◆ **Description of the task**
Which lines of the data below hold "have"? Copy each of them.

◆ **Exercise data**
┏━━

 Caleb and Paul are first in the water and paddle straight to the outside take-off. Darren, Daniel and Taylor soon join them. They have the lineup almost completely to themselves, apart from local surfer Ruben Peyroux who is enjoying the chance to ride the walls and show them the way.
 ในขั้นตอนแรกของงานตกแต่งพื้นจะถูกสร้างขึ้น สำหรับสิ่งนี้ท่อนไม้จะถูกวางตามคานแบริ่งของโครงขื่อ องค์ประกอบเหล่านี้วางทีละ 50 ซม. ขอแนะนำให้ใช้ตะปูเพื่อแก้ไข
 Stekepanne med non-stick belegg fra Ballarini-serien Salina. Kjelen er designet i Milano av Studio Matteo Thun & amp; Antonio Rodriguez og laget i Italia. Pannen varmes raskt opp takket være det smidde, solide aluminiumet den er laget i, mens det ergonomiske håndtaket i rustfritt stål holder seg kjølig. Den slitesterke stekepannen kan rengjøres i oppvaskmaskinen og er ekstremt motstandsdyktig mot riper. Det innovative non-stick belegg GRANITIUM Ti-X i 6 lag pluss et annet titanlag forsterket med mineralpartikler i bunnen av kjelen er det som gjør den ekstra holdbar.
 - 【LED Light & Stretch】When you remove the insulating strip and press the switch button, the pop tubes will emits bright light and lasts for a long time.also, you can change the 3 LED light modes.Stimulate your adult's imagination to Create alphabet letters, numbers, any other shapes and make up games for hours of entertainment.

┗━━
┏━━

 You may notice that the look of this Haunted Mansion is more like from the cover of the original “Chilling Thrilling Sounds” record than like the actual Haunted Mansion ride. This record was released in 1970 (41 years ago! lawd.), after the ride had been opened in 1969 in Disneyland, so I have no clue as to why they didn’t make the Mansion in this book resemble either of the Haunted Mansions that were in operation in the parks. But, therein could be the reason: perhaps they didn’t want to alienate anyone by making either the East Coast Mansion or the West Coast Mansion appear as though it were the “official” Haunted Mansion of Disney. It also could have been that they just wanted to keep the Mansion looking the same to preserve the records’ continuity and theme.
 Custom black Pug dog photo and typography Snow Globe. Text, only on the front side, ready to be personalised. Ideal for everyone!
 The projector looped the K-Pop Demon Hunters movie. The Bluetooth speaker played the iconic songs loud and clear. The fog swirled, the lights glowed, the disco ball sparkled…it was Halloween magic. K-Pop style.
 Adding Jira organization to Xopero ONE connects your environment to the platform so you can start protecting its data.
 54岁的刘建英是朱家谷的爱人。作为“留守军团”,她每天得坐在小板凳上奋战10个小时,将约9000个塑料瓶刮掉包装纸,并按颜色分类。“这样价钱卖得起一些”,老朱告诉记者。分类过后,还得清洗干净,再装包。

┗━━

◆ **Task answer**
 Caleb and Paul are first in the water and paddle straight to the outside take-off. Darren, Daniel and Taylor soon join them. They have the lineup almost completely to themselves, apart from local surfer Ruben Peyroux who is enjoying the chance to ride the walls and show them the way.
 You may notice that the look of this Haunted Mansion is more like from the cover of the original “Chilling Thrilling Sounds” record than like the actual Haunted Mansion ride. This record was released in 1970 (41 years ago! lawd.), after the ride had been opened in 1969 in Disneyland, so I have no clue as to why they didn’t make the Mansion in this book resemble either of the Haunted Mansions that were in operation in the parks. But, therein could be the reason: perhaps they didn’t want to alienate anyone by making either the East Coast Mansion or the West Coast Mansion appear as though it were the “official” Haunted Mansion of Disney. It also could have been that they just wanted to keep the Mansion looking the same to preserve the records’ continuity and theme.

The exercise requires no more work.